EXERCISE DESCRIPTION:
Below are some records. Reproduce them exactly from their first line through the line with "Audi 90 quattro IMSA GTO, Baujahr 1989", inclusive.

————————

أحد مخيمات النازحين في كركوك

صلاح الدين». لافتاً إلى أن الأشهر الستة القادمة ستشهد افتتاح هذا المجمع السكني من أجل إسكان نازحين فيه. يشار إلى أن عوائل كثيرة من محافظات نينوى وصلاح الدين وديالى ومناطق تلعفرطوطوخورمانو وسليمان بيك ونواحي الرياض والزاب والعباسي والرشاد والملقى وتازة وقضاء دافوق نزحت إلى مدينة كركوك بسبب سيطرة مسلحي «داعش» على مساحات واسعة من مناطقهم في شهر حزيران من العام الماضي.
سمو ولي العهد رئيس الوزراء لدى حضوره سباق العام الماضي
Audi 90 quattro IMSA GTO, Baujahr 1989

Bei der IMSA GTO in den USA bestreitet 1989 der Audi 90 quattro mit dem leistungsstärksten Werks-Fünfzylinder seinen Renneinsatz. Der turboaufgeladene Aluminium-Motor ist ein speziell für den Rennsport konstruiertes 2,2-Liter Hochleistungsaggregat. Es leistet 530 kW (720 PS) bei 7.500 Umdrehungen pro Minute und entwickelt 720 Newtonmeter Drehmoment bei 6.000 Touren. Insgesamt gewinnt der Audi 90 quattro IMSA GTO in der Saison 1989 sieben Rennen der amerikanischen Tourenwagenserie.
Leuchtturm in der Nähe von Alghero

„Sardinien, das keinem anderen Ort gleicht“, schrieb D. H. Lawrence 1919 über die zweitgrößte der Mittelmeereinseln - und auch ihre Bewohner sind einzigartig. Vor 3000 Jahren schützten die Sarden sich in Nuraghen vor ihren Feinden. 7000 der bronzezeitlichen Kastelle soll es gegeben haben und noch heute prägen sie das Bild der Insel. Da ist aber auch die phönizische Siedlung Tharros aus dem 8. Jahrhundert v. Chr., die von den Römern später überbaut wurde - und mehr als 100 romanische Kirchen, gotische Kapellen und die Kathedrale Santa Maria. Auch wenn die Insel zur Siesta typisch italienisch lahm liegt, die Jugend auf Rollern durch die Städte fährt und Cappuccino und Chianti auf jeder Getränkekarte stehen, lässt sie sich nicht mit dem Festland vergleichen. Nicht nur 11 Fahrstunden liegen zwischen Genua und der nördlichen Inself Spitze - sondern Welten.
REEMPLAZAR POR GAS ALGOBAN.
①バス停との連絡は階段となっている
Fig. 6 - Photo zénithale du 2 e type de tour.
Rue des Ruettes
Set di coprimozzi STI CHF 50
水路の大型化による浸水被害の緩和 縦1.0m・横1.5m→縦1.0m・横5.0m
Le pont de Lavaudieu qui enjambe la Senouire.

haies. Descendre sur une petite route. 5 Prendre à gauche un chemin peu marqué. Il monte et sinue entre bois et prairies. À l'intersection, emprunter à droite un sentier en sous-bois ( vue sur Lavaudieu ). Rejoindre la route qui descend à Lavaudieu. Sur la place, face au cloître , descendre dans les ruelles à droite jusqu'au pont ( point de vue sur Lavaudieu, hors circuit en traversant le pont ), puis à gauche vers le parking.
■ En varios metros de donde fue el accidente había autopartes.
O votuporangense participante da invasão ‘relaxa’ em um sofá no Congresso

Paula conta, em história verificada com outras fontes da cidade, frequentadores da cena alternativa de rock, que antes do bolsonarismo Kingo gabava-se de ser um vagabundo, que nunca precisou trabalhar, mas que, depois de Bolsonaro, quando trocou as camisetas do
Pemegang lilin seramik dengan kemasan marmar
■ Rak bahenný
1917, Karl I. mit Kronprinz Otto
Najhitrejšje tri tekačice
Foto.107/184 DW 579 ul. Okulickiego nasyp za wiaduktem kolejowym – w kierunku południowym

————————

ANSWER BOX:
أحد مخيمات النازحين في كركوك

صلاح الدين». لافتاً إلى أن الأشهر الستة القادمة ستشهد افتتاح هذا المجمع السكني من أجل إسكان نازحين فيه. يشار إلى أن عوائل كثيرة من محافظات نينوى وصلاح الدين وديالى ومناطق تلعفرطوطوخورمانو وسليمان بيك ونواحي الرياض والزاب والعباسي والرشاد والملقى وتازة وقضاء دافوق نزحت إلى مدينة كركوك بسبب سيطرة مسلحي «داعش» على مساحات واسعة من مناطقهم في شهر حزيران من العام الماضي.
سمو ولي العهد رئيس الوزراء لدى حضوره سباق العام الماضي
Audi 90 quattro IMSA GTO, Baujahr 1989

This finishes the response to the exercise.